The Eastern Caribbean Solar Challenge proposes, in the first instance, at least five megawatts
(MW) of new small-to-medium photovoltaic installations by 2025, with an interim target, by 2023, of at least 1.5 MW comprising 0.45MW on public building and 1.05 MW on the private sector and residential buildings.
The St. Lucia-based OECS Commission said that solar electricity has become one of the most cost-effective forms of renewable energy, worldwide.
“Because the Caribbean is blessed with more than 200 days of sunlight annually, it is well-positioned to take advantage of the solar revolution. The Eastern Caribbean Solar Challenge aims to increase the use of solar electricity (also known as photovoltaics or PV) in OECS member states through the combined efforts of governments, the private sector, financial institutions, homeowners and development partners, and is open to all.”
The OECS groups the islands of Antigua and Barbuda, Dominica, Grenada, St. Lucia, St. Vincent and the Grenadines, St. Kitts-Nevis, Montserrat, Anguilla and the British Virgin Islands.
The OECS Commission said that one element of the challenge that sets it apart is its focus on small and medium-scale PV installations.

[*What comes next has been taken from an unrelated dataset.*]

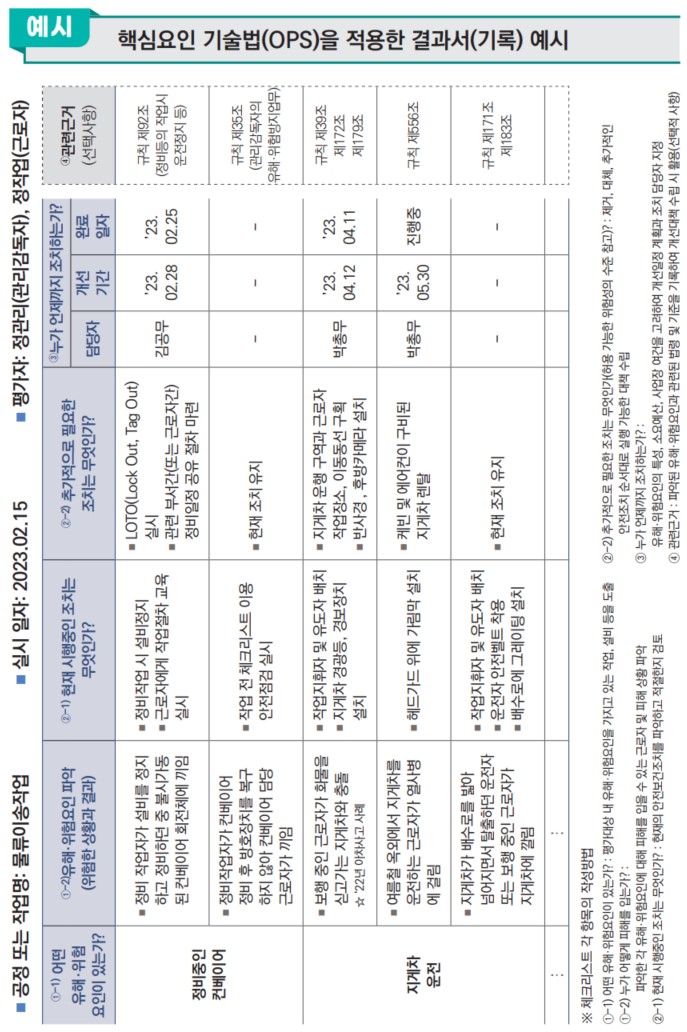 핵심요인 기술법(OPS)을 적용한 결과서(기록) 예시
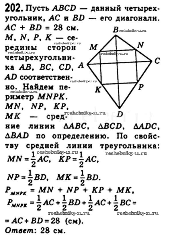 Готовая домашняя работа с ответами по Геометрии за 8 класс Мерзляк, Полонский, Якир Учебник Алгоритм успеха Вентана-граф 2015 ФГОС - § 7. Средняя линия треугольника 202

“Another unique element is the deliberate inclusion of the private sector and households which, traditionally, have not been engaged in such initiatives but which have the ability to make a significant contribution.”
The Eastern Caribbean Solar Challenge is a special project of the Caribbean NDC Finance Initiative (NDCFI).
The NDCFI was launched in 2017 by the OECS and the St. Lucia government and serves all OECS member states. It was established with the political support of the United Nations Framework Convention on Climate Change (UNFCCC), under the auspices of the NDC Partnership and with financial support from GIZ.
The Eastern Caribbean Solar Challenge: “Race to the Sun” aims to engage governments, the private sector, development partners and households in a united effort to increase the diffusion of solar electricity and heating across the region by the end of 2023, in the first instance.